How has it progressed since you received an ISS Individual Research Grant?

The ISS Individual Research Grant has allowed us to field a three-wave panel study in which we re-interviewed a sample of 1,000 US voters at multiple time points about their policy priorities and other political views. This design allowed us to assess the level of stability present in voters' policy priorities, and how that compares to their policy preferences, ideological identification, and partisanship. The survey also allowed us to randomize existing and new measures of policy priorities (ratings and rankings-based questions). This study was successfully fielded in the winter of 2017.

What notable or surprising findings can you share at this point?

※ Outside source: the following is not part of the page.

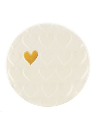 Inspire the warmth of love and friendship with the Gold Rush Heart small dish. Elegantly crafted of glazed ivory porcelain, this unique dish is carved with hearts with one heart hand decorated in burnished gold. A wonderful gift for a special someone.

What has surprised us is the degree of partisan polarization we find in voters' policy priorities. Democrats and Republicans don't simply disagree with the other party about their preferred action on a particular issue like taxes or climate change, but more deeply in whether they even consider the issue deserving of attention in the first place.

What is the next step?

We are continuing to dig more deeply into these data and perform more rigorous statistical analyses. For instance, we plan to estimate more detailed models of attitude stability in citizens' policy priorities as well as the main and conditional effects of priorities in presidential vote choice. We plan to begin presenting our results at political science conferences in early 2018, eventually culminating in a paper or series of paper to be sent out for publication in academic journals.